§ **Task instructions**
Starting from the line that holds "ガーデニングの水やりを本日は職員がしております☺", output exactly each line through the end of the listing. Do not copy pictures.

§ **Dataset excerpt**
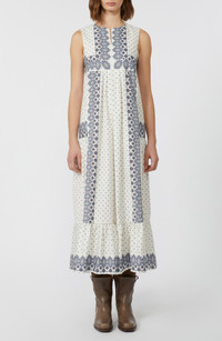 Bandana prints add homespun charm to an all-cotton dress cut in a summery, sleeveless silhouette. Hidden back-zip closure Split neck Sleeveless Cotton lining 100% cotton Dry clean Imported
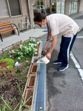 ガーデニングの水やりを本日は職員がしております☺
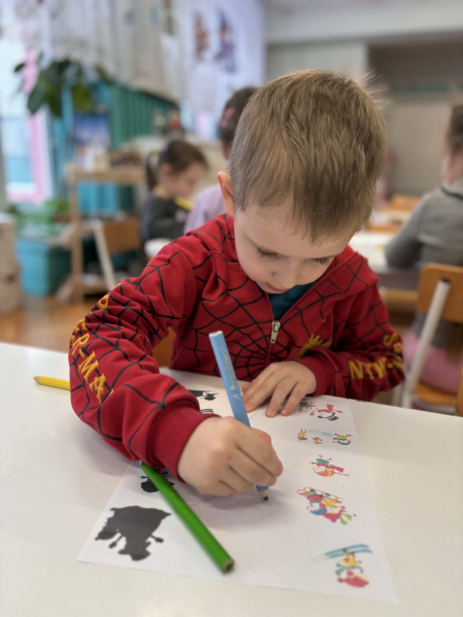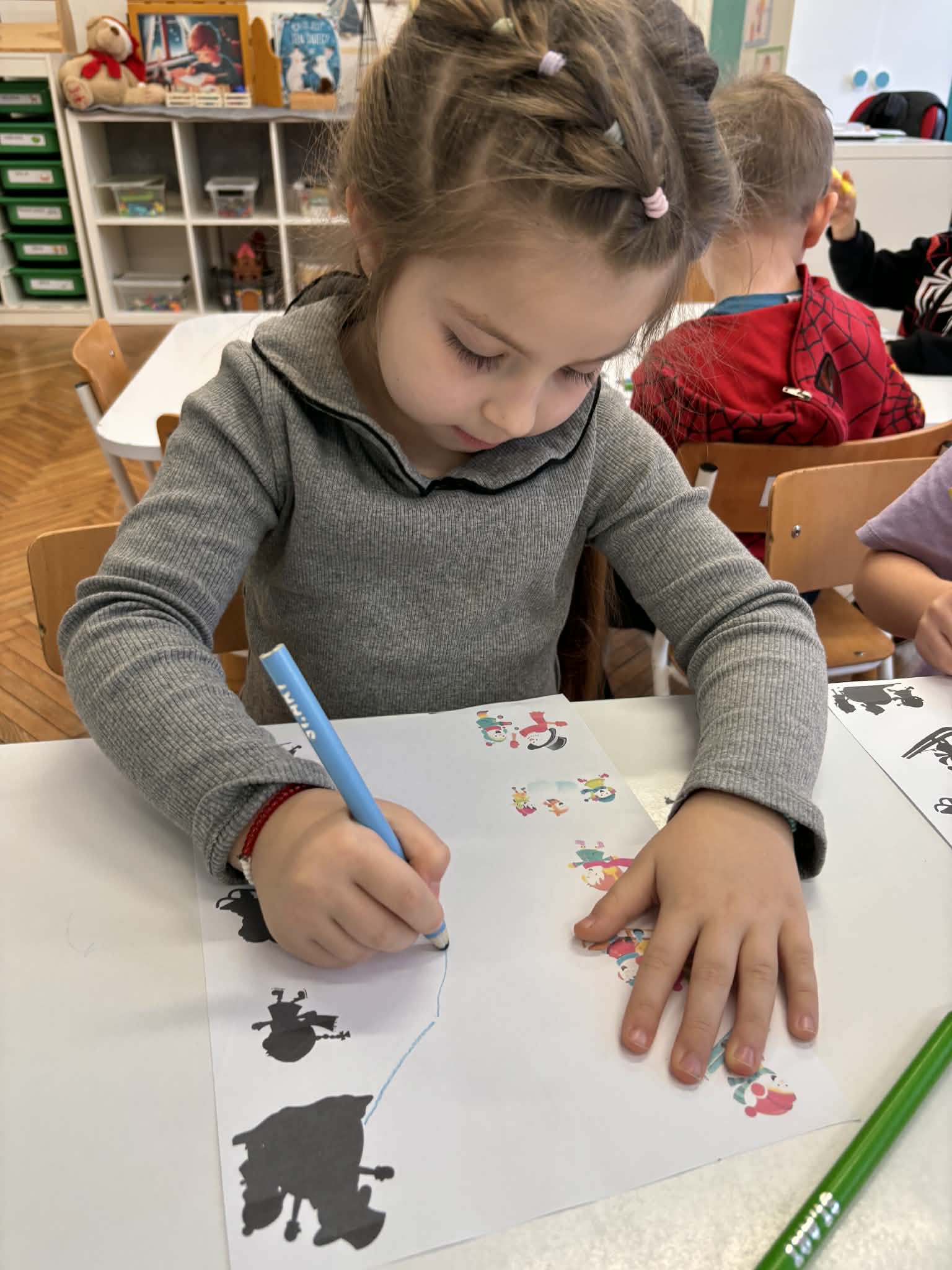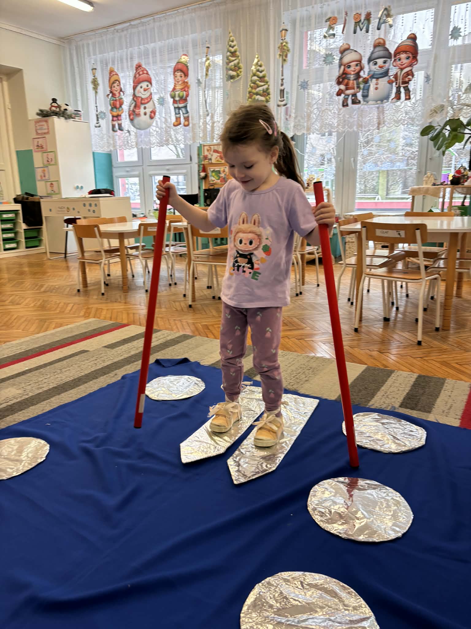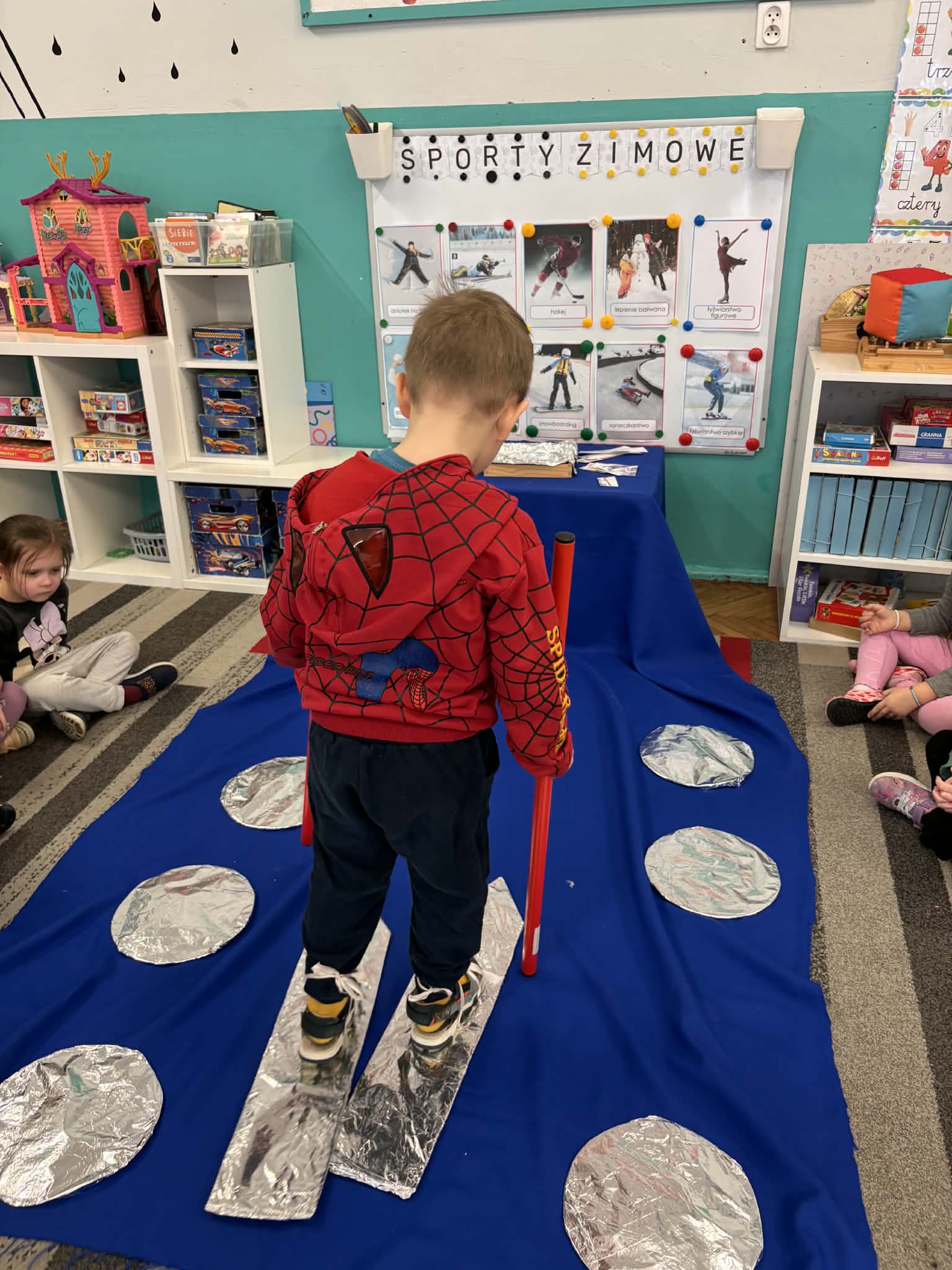 Zima to idealny czas, by porozmawiać o sportach zimowych i… spróbować ich w przedszkolnym wydaniu. nasze przedszkolaki wcieliły się w małych narciarzy. Dzieci „jeździły na nartach”, ćwicząc koordynację, równowagę i sprawność ruchową, a przy tym było mnóstwo śmiechu i dobrej zabawy. Na końcu toru czekało układanie puzzli o tematyce zimowej. Po aktywności ruchowej przyszedł czas na zadania rozwijające koncentrację i myślenie: -karty pracy – szukanie właściwej drogi oraz dopasowywanie obrazków do ich cieni.

§ **Your solution**
 ガーデニングの水やりを本日は職員がしております☺
 Zima to idealny czas, by porozmawiać o sportach zimowych i… spróbować ich w przedszkolnym wydaniu. nasze przedszkolaki wcieliły się w małych narciarzy. Dzieci „jeździły na nartach”, ćwicząc koordynację, równowagę i sprawność ruchową, a przy tym było mnóstwo śmiechu i dobrej zabawy. Na końcu toru czekało układanie puzzli o tematyce zimowej. Po aktywności ruchowej przyszedł czas na zadania rozwijające koncentrację i myślenie: -karty pracy – szukanie właściwej drogi oraz dopasowywanie obrazków do ich cieni.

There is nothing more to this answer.